I handed my notice into my childminder last week,as ive lost one contract and now have a poxy part time job i can no longer claim for help towards the payments.Now this is why theres so many single parents on the social,if you work less than 16 hours you cant claim tax credits and if you earn more than £69 working part time you cant claim benefits,ive always bn lucky enough to have a job or jobs but what i dont understand is the goverments always banging on about getting single parents out to work and they will do everything to help!!!!
And on the boytoy front,well really cant see me moving to the other side of scotland,ive been living on my own for over 6 years and to suddenly become a step mum to 2 kids and a wife is a bit overwhelming,i did seriously consider it i even consulted with care bear to find out her views,shes all for it but i dont think the reality of suddenly not being an only child and having to share me with others would make her as happy as she thinks,ive always said i dont want more children so taking on 2 other is well im not sure,i couldnt move into his house as it would be his and to rent a place would be just under a grand p/m as its the capital so emotionally physically and financially its not possible at this time,i think the fact that i was all for binning him not that long ago also adds to my list of cons,the pros have bn very few.

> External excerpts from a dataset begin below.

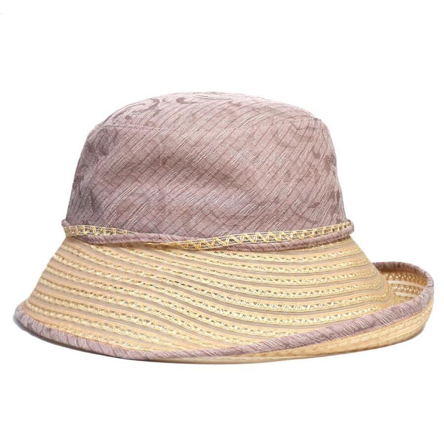 特徴的なツバ部分ベージュのブレード部分が一つ一つ編み込んだ様な柄になっており、透け感のある素材が涼しげで優しい印象です。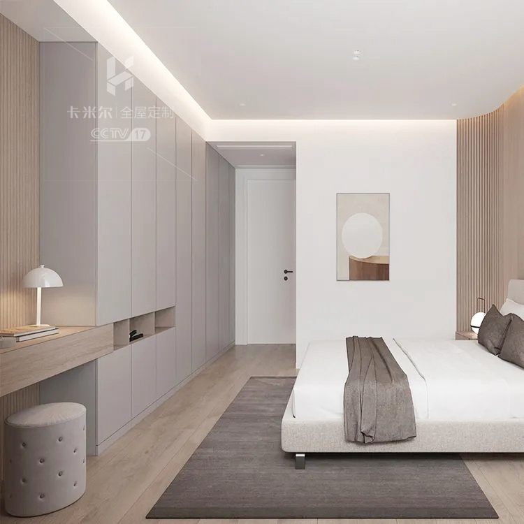 ▼ 床尾用灰色為基調(diào),定制了大面積的衣柜和嵌入式的書桌,兩者的組合不僅保證了居室美觀,更讓不同功能區(qū)完美結(jié)合,滿足生活需求。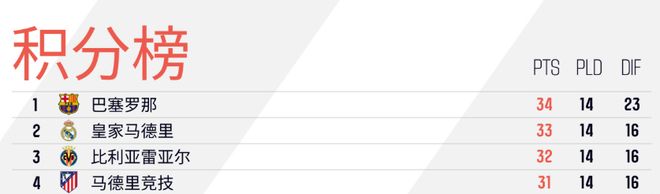 新赛季西甲联赛赛程已然完成三分之一,积分榜前四却形成等差数列,榜首巴萨只领先第四位马竞3分,呈现出24年来最胶着的争冠开局,追平2001-02赛季14轮过后积分榜前四的最小分差,也让巴萨马竞两队本周中的直接较量愈发引人关注。皇马巴萨双雄争霸的老套剧本改换成“驷马齐驱”的开场剧目,为西甲联赛增添几分新意和悬念。显然这样的局面也是西甲联盟主席特瓦斯所乐见的。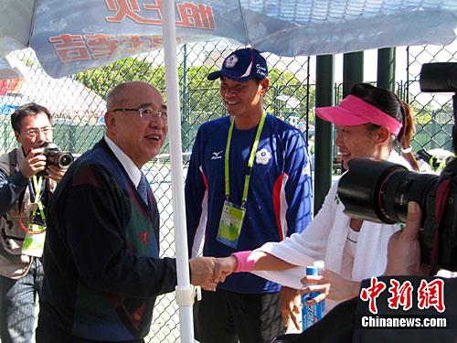 中新網(wǎng)廣州11月13日電 (記者 郭軍)13日上午,廣州亞運(yùn)會網(wǎng)球女子團(tuán)體賽第一輪中華臺北隊(duì)對越南隊(duì)的比賽在奧體網(wǎng)球中心四號場舉行。中國國民黨榮譽(yù)主席吳伯雄來到賽場外為寶島選手加油鼓勁。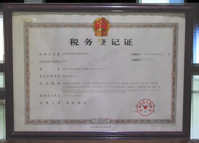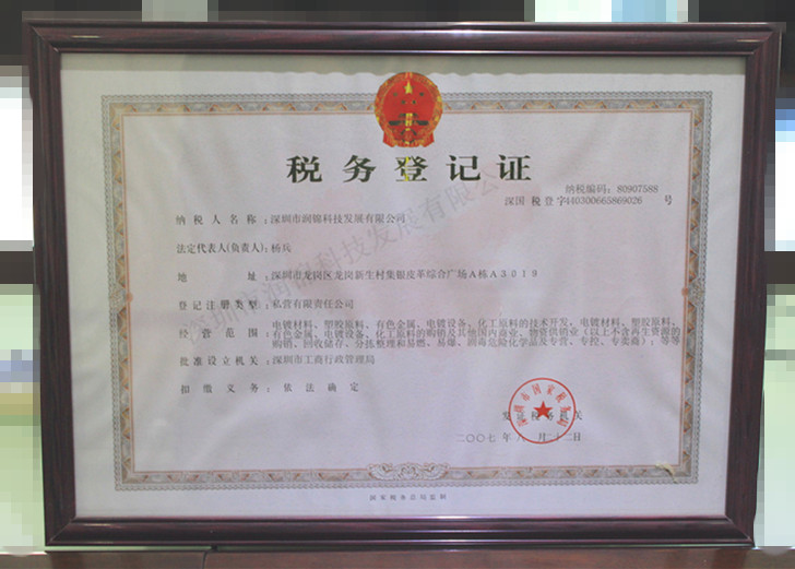 潤錦科技地稅登記證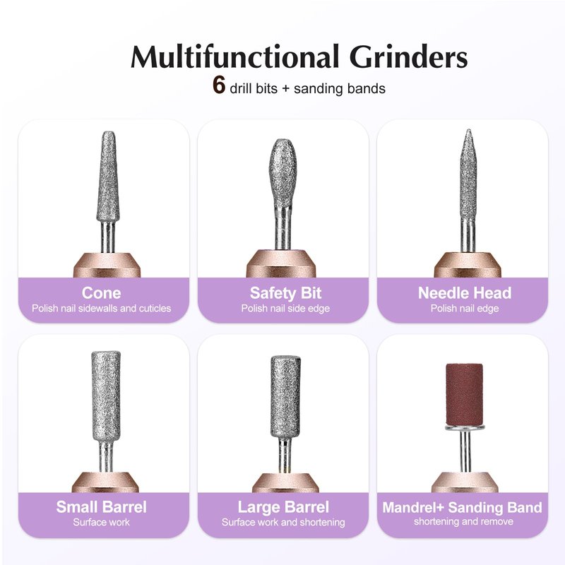 Looking for the ideal item for your nail-loving friends? Look no further. This all-in-one nail kit includes six different nail drill bits and sanding bands to cater to various needs. Whether it's for birthdays, Valentine's Day, Christmas, or Thanksgiving Day, this nail drill kit is the ideal item to delight any nail enthusiast.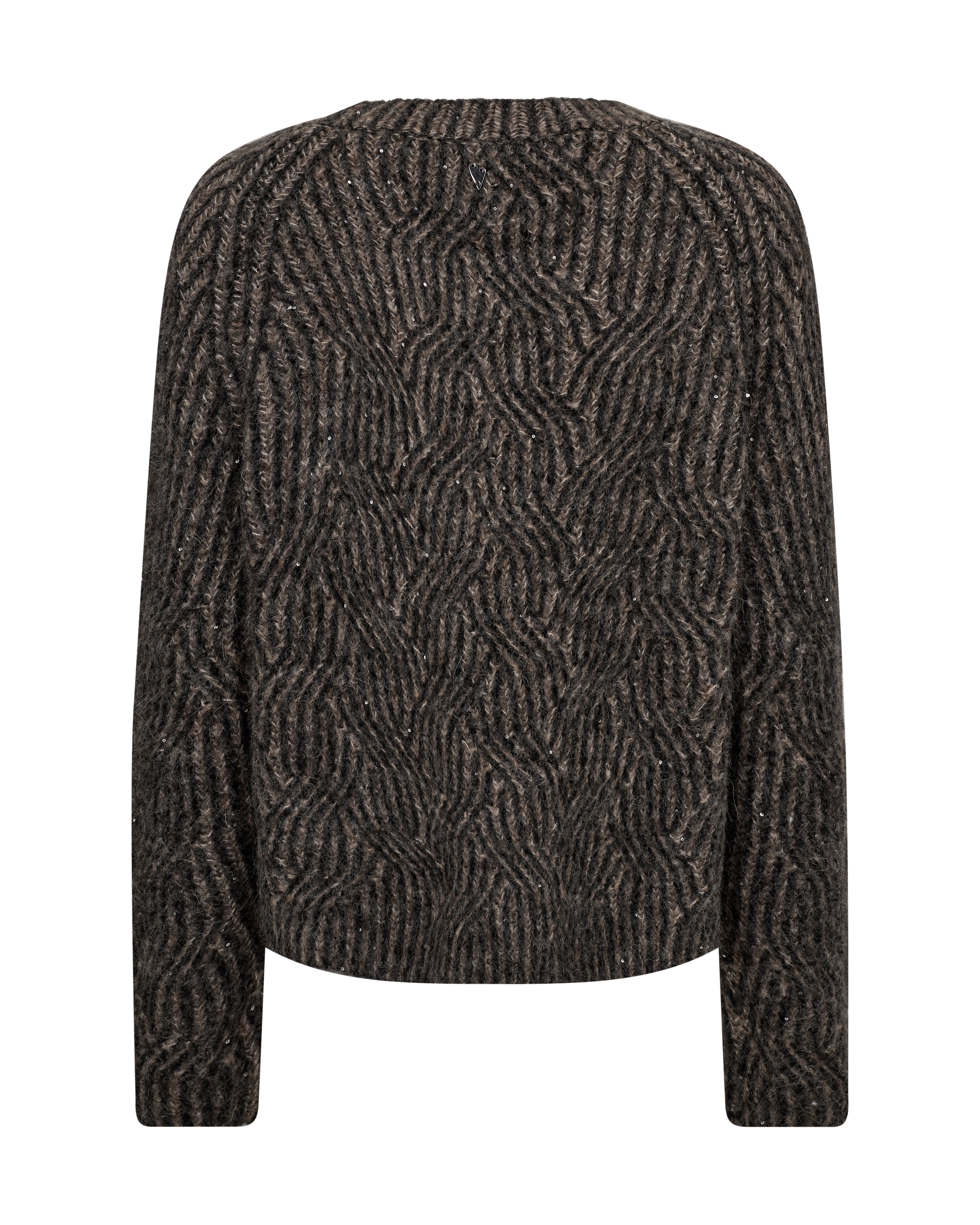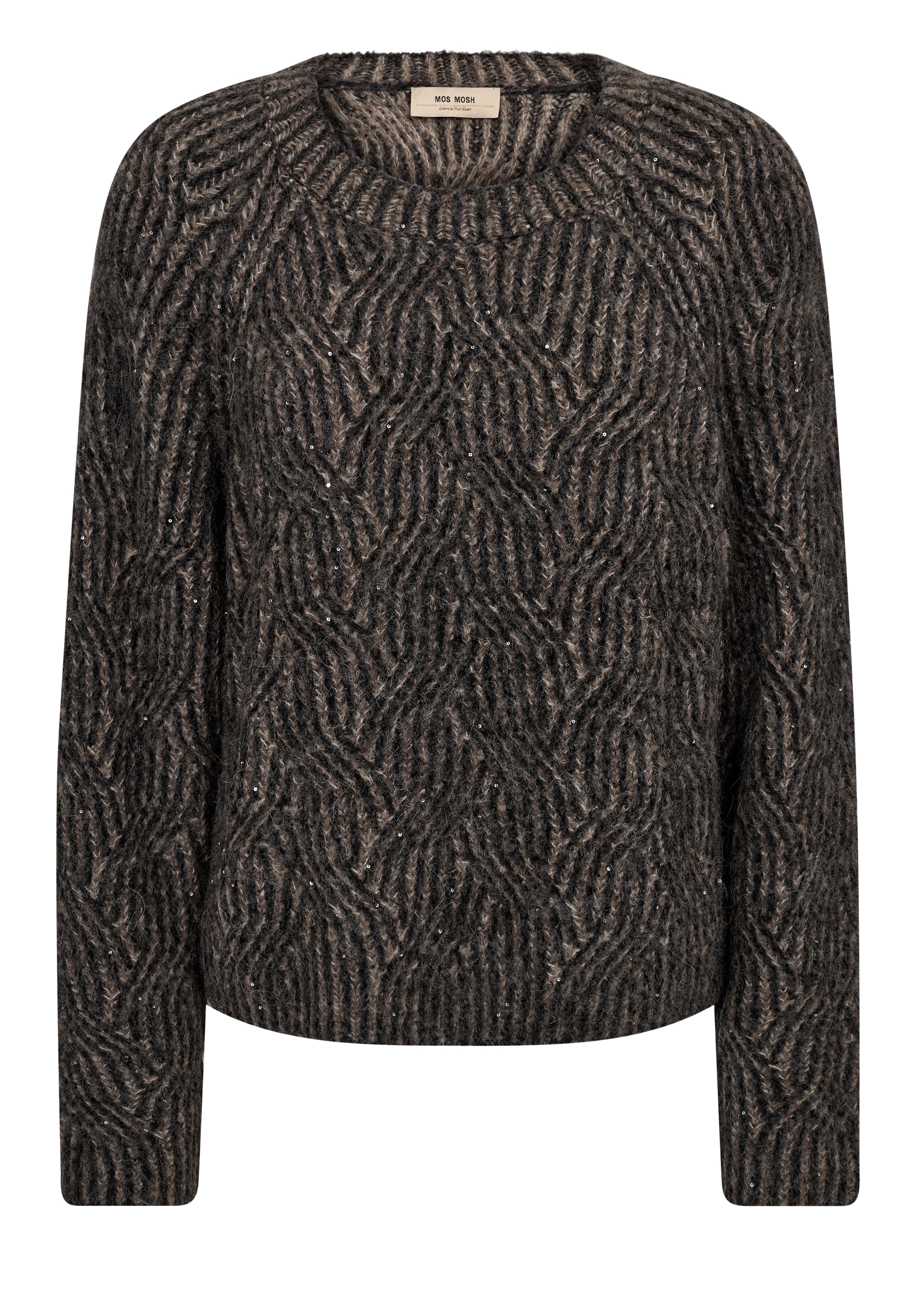 Der Pullover von MOS MOSH im Relaxed Fit vereint Komfort und Glamour. Mit wellenförmigem Strickmuster, dezent besetzten Pailletten und klassischem Rundhalsausschnitt verleiht er jedem Look eine stilvolle, verspielte Note.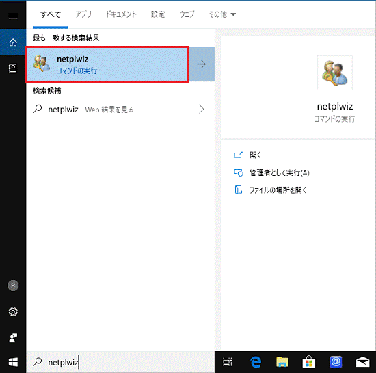 「最も一致する検索結果」にある、人のアイコンが表示されている「netplwiz」をクリックします。

Plus one of the bands ive been into over the past few years have split up (not sure if i already blogged this) Dirty Pretty Things are no more well after this tour anyway,have bn to all there gigs in glasgow and managed to see them 2 nights in a row this month and got one of the drumsticks that Gary Powell used during the gig so im happy i have a piece of wood pride of place under the windowsil.oh went to see Cyndi Lauper last week,bit of a shaky start,"hello shepards bush" didnt go down to well at the glasgow carling academy,i was a tad dubious about this gig just because i was a big fan in the 80's plus the fact my ribs were still bruised from the charlatans gig,but t'was a good gig in the end.wouldnt rush out to get tickets for her the next time but its another gig in the bag.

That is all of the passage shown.